Clausewitz was evidently the first to dissect the friction. Kassimeris and Buckley (2013) stated that Clausewitz saw the friction and psychological factors and as the principal influences separating a practice from a theory, and he believed that the correct knowledge could help commanders to improve their judgment and in effect close that gap. Clausewitz’s works are focused on the strength, rather than reducing war’s probabilities to a series of algorithms, as in the game or decision theory. Clausewitz was the first military theorist to attempt a scientific dissection of military genius (Kassimeris & Buckley, 2013). Kassimeris and Buckley (2013) emphasize that Clausewitz does not apply the dialectical modes of the argumentation that oscillates between concepts of the absolute and real war in order to confuse the reader. The basis of the strength of his works is that Clausewitz gains important insights in explaining why a war in reality is different from its logical construction (Kassimeris & Buckley, 2013). 

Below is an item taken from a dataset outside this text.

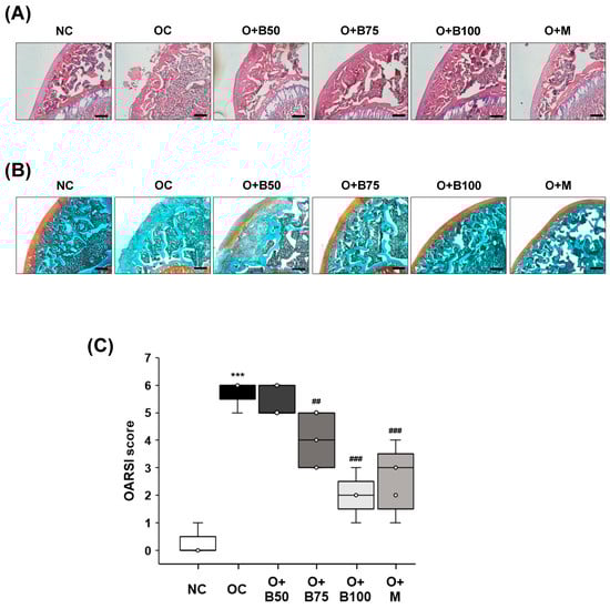 Histomorphological changes in knee joint cartilage were observed through hematoxylin and eosin (H&E) staining, conducted 3 weeks post-MIA injection—specifically, on day 21—as depicted in Figure 3A. The articular cartilage tissue in the NC group exhibited smoothness and preservation with no evident deformation or damage. In contrast, the OC group displayed deformed and damaged cartilage tissue with a worn surface. The administration of BSRE and MSM, notably, in the O + B75, O + B100, and O + M groups, mitigated the cartilage damage, bringing improvement and producing levels comparable to the NC group.

The Greatest Military Writing of All Time

On War fulfills its designation as the “greatest military writing of all time.” This is because Clausewitz’s overall concern was to replace the artificial systems of his day with the one that was grounded in the reality of war that is fighting or combat, including the threat of a combat (Kassimeris & Buckley, 2013). By confronting philosophical logical deliberations with the historical-empirical experience, Clausewitz gains outstanding insights into the nature of war and strategy. Through the proposition of war as an act of force that aims for peace, On War fulfils its designation as the “greatest military writing of all time.” Essentially, a war is the use of force in order to achieve goals the opponent intends to prevent. As a result, Clausewitz uses the analogy of a duel to illustrate this forceful relationship.    

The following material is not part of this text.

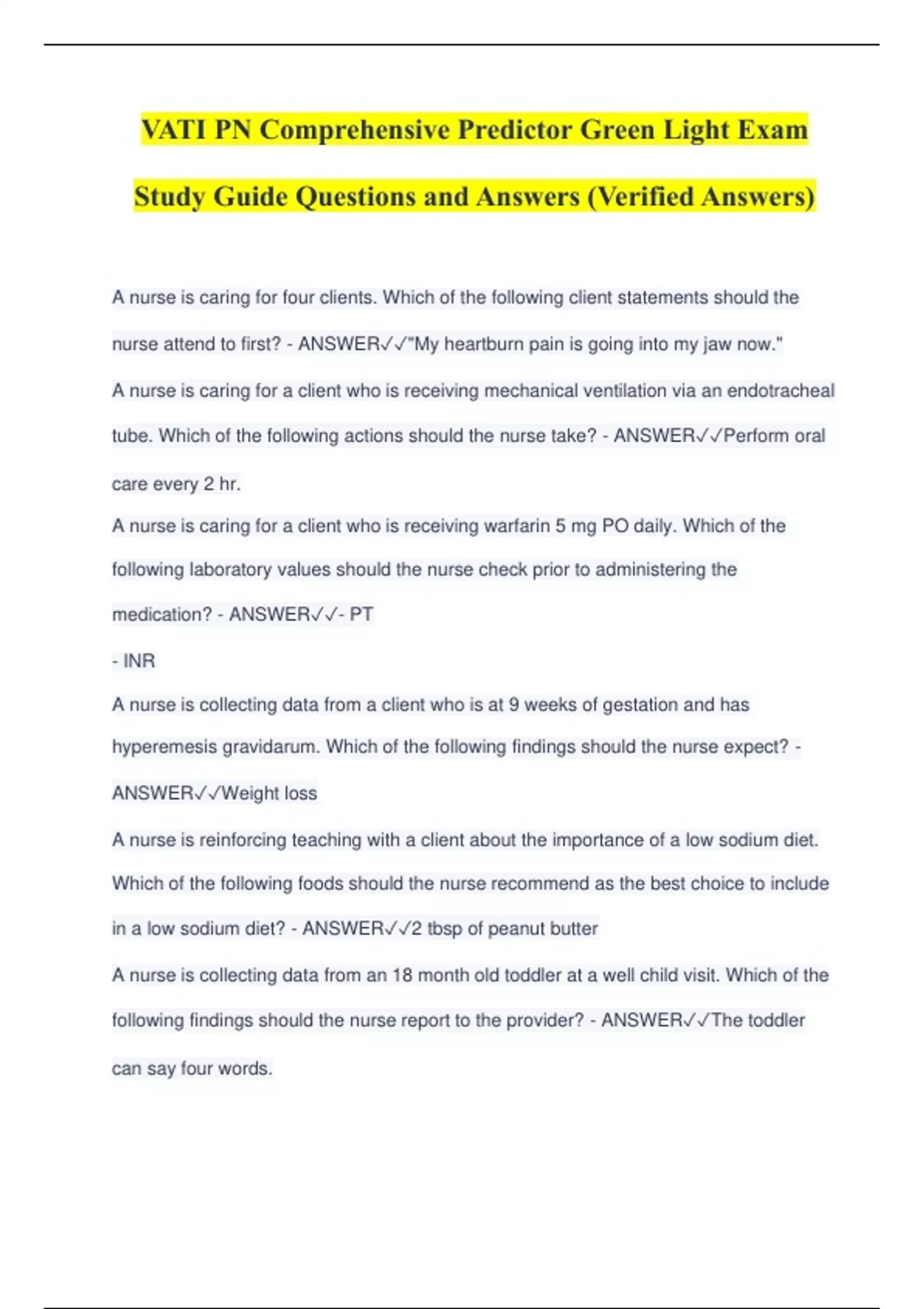 VATI PN Comprehensive Predictor Green Light Exam Study Guide Questions and Answers (Verified Answers) A nurse is caring for four clients. Which of the following client statements should the nurse attend to first? - ANSWER"My heartburn pain is going into my jaw now." A nurse is caring for a client who is receiving mechanical ventilation via an endotracheal tube. Which of the following actions should the nurse take? - ANSWERPerform oral care every 2 hr. A nurse is caring for a client who is receiving warfarin 5 mg PO daily. Which of the following laboratory values should the nurse check prior to administering the medication? - ANSWER- PT - INR A nurse is collecting data from a client who is at 9 weeks of gestation and has hyperemesis gravidarum. Which of the following findings should the nurse expect? - ANSWERWeight loss A nurse is reinforcing teaching with a client about the importance of a low sodium diet. Which of the following foods should the nurse recommend as the best choice to include in a low sodium diet? - ANSWER2 tbsp of peanut butter A nurse is collecting data from an 18 month old toddler at a well child visit. Which of the following findings should the nurse report to the provider? - ANSWERThe toddler can say four words. A nurse is collecting data from a client who has diabetes mellitus. Which of the following findings indicates that the client might be experiencing diabetic ketoacidosis? - ANSWERKussmaul respirations A nurse is reinforcing teaching with a clien

Clausewitz defines war as a chameleon that lives in an environment best characterized as a paradoxical trinity. On War fulfills its designation as the greatest military writing of all time because of its fundamental insight that war is a social intercourse, which involves people, the commander and his military force, as well as the government. Clausewitz recognized the permanent dependence of war on policies and politics. Clausewitz as a witness of Napoleon’s warfare saw a real war heading towards the theoretical-logical absolute form. As he learned from the history, wars often occurred in rather limited forms, depending on the power relations in the international system and the predominant policies and politics of the war fighting states. As a result, it can be established that On War fulfills its designation as the “greatest military writing of all time.”

Conclusion

In conclusion, Clausewitz’s diversity of military assignments and richness of expertise in policies, politics, strategy and tactics contributed towards the emergence of an ideal military writing. Clausewitz has endowed readers with an unsurpassed theory, which they would abandon only to their loss. Clausewitz is a strategic mind, who gathered experience in all dimensions of the modern strategy. Reflecting upon the theory of war in general and strategy in particular, Clausewitz recognizes the necessity of scientific methods that are specifically tailored to match the nature of war. In this context, Clausewitz’s way of thinking is actually the only one that can provide a reasonable advice and enables an individual to come to sensible answers on the strategic question by himself or herself.